Information supplied:

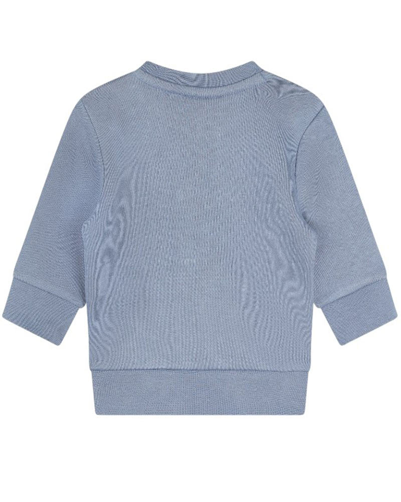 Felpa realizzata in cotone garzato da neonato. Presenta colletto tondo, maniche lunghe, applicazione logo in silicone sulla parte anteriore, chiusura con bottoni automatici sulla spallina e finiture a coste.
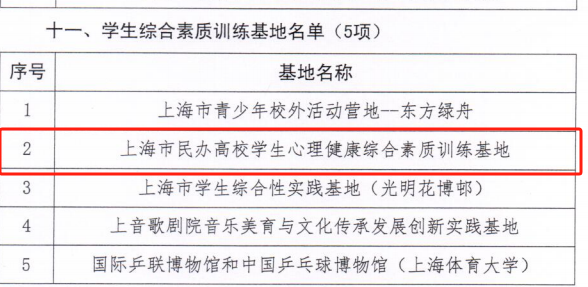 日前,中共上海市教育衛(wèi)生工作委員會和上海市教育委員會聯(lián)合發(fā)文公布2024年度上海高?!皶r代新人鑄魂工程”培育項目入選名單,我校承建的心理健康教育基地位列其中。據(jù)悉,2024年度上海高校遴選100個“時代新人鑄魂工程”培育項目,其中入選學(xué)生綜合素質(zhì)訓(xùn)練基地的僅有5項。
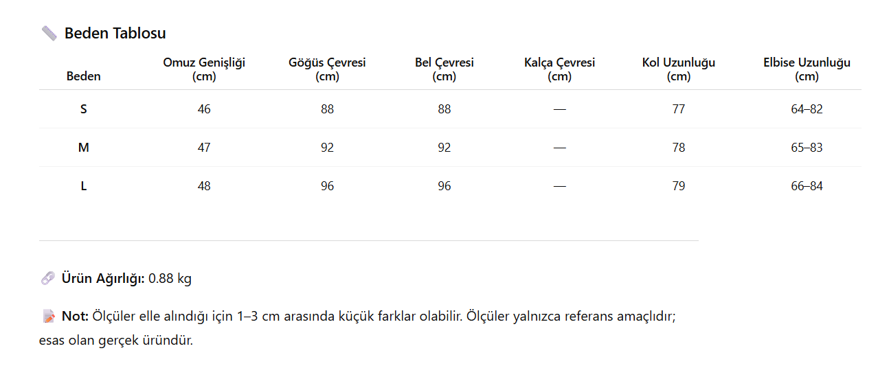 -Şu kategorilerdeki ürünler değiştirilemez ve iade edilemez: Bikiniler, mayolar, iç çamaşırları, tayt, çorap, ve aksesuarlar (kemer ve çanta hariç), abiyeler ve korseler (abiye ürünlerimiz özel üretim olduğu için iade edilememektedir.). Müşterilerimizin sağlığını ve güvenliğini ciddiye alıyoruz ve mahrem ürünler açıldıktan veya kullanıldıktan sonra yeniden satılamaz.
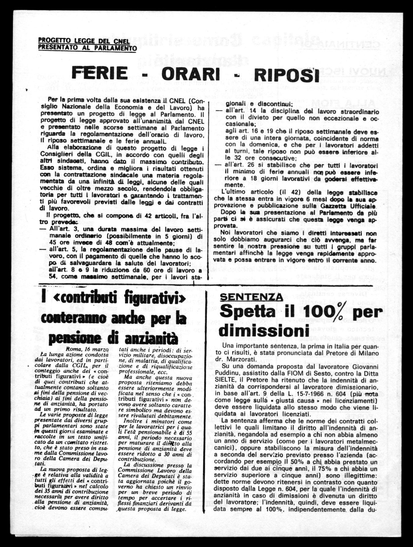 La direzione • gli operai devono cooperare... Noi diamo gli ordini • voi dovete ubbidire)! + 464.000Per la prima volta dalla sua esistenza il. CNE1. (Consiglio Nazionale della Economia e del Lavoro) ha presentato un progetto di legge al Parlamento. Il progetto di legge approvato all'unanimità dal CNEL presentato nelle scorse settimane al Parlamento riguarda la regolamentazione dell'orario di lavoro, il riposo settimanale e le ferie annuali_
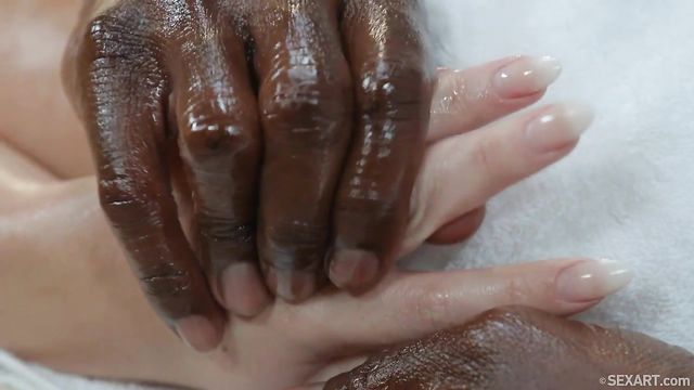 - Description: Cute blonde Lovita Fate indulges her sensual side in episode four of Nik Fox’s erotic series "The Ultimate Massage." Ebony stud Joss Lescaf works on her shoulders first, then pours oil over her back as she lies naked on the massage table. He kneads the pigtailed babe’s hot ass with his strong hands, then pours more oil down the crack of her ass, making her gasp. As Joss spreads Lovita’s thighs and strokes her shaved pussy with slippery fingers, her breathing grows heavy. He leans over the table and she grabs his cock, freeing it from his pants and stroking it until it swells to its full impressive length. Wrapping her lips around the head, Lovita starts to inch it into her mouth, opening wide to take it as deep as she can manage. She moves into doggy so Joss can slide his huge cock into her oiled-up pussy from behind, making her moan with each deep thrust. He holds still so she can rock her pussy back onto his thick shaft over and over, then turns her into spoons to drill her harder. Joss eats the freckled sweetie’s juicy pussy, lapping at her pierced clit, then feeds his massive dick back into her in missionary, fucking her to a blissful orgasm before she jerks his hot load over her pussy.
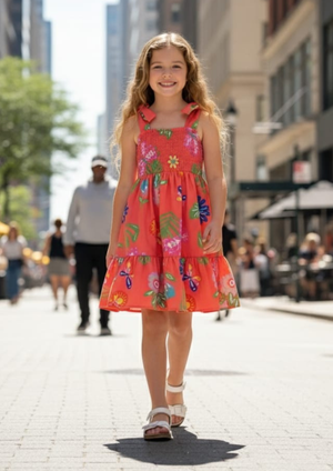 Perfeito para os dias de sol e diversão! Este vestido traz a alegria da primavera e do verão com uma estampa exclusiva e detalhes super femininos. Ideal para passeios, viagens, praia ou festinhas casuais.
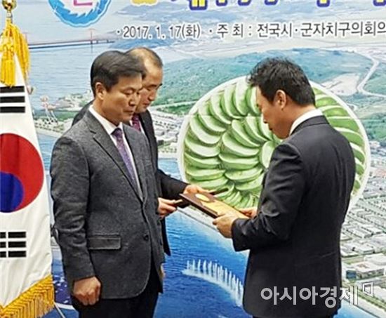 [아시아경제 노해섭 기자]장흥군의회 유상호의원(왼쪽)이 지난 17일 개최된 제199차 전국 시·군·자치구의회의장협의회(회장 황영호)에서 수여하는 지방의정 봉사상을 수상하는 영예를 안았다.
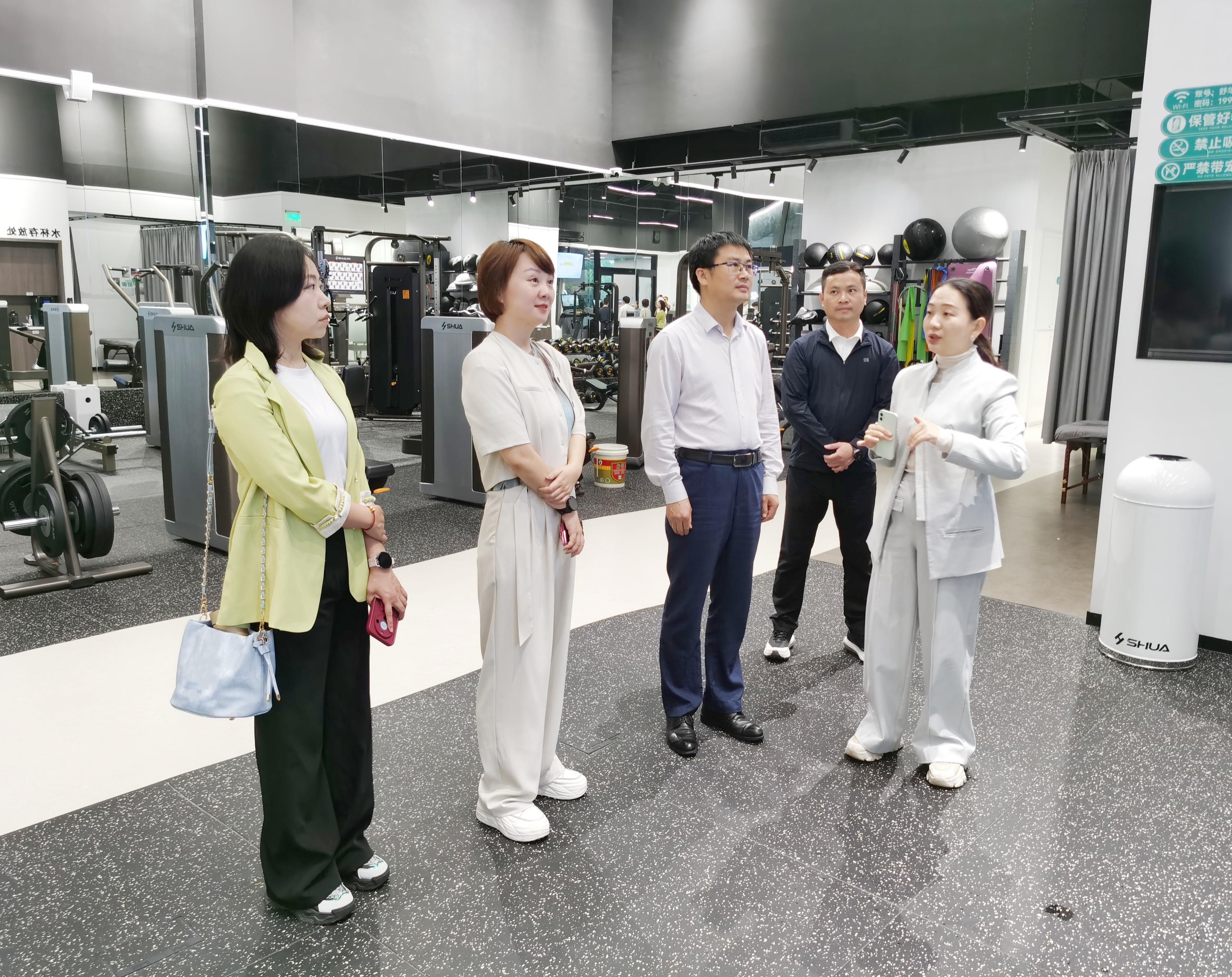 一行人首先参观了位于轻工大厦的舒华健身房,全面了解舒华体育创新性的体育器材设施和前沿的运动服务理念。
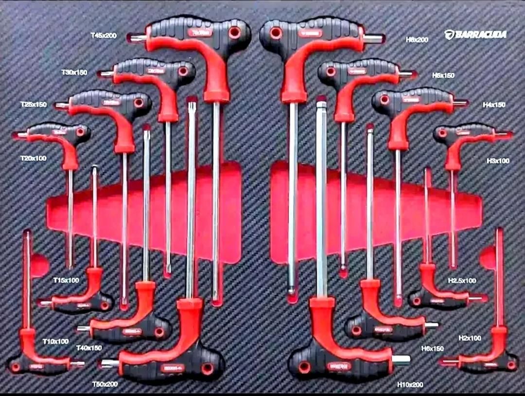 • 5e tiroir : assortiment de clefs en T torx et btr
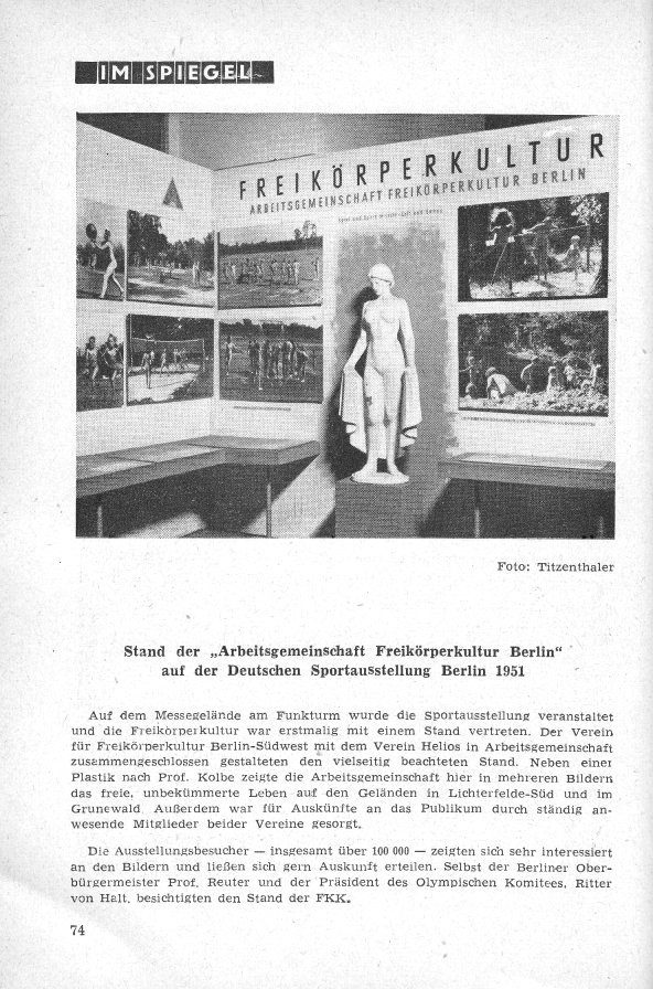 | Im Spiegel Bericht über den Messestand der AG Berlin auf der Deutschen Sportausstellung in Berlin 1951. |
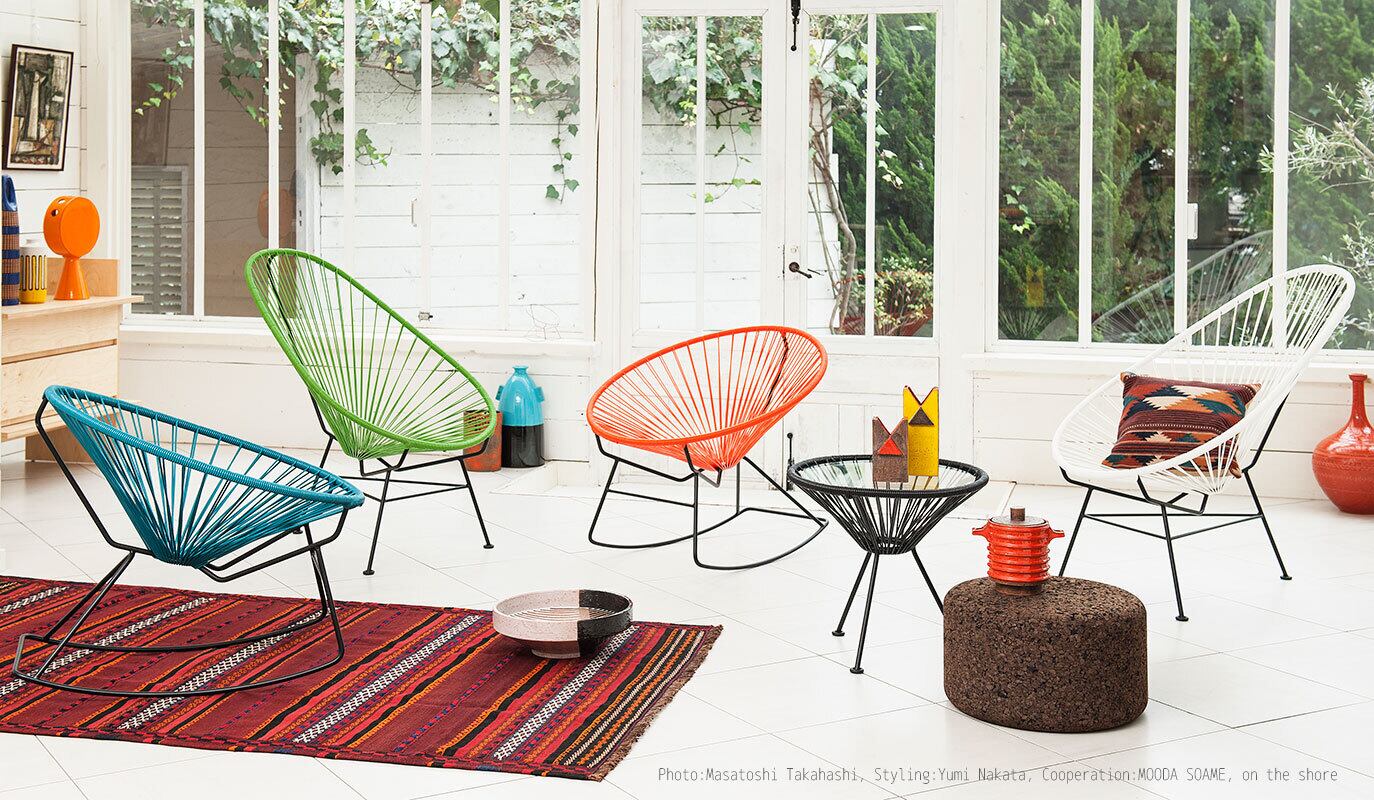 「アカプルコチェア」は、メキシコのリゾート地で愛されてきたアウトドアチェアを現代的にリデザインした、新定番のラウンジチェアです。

Assignment:
For this exercise, copy each line of the data above exactly, from the first through the line containing "La direzione •", and drop the pictures.

Completed task:
 Felpa realizzata in cotone garzato da neonato. Presenta colletto tondo, maniche lunghe, applicazione logo in silicone sulla parte anteriore, chiusura con bottoni automatici sulla spallina e finiture a coste.
 日前,中共上海市教育衛(wèi)生工作委員會和上海市教育委員會聯(lián)合發(fā)文公布2024年度上海高?!皶r代新人鑄魂工程”培育項目入選名單,我校承建的心理健康教育基地位列其中。據(jù)悉,2024年度上海高校遴選100個“時代新人鑄魂工程”培育項目,其中入選學(xué)生綜合素質(zhì)訓(xùn)練基地的僅有5項。
 -Şu kategorilerdeki ürünler değiştirilemez ve iade edilemez: Bikiniler, mayolar, iç çamaşırları, tayt, çorap, ve aksesuarlar (kemer ve çanta hariç), abiyeler ve korseler (abiye ürünlerimiz özel üretim olduğu için iade edilememektedir.). Müşterilerimizin sağlığını ve güvenliğini ciddiye alıyoruz ve mahrem ürünler açıldıktan veya kullanıldıktan sonra yeniden satılamaz.
 La direzione • gli operai devono cooperare... Noi diamo gli ordini • voi dovete ubbidire)! + 464.000Per la prima volta dalla sua esistenza il. CNE1. (Consiglio Nazionale della Economia e del Lavoro) ha presentato un progetto di legge al Parlamento. Il progetto di legge approvato all'unanimità dal CNEL presentato nelle scorse settimane al Parlamento riguarda la regolamentazione dell'orario di lavoro, il riposo settimanale e le ferie annuali_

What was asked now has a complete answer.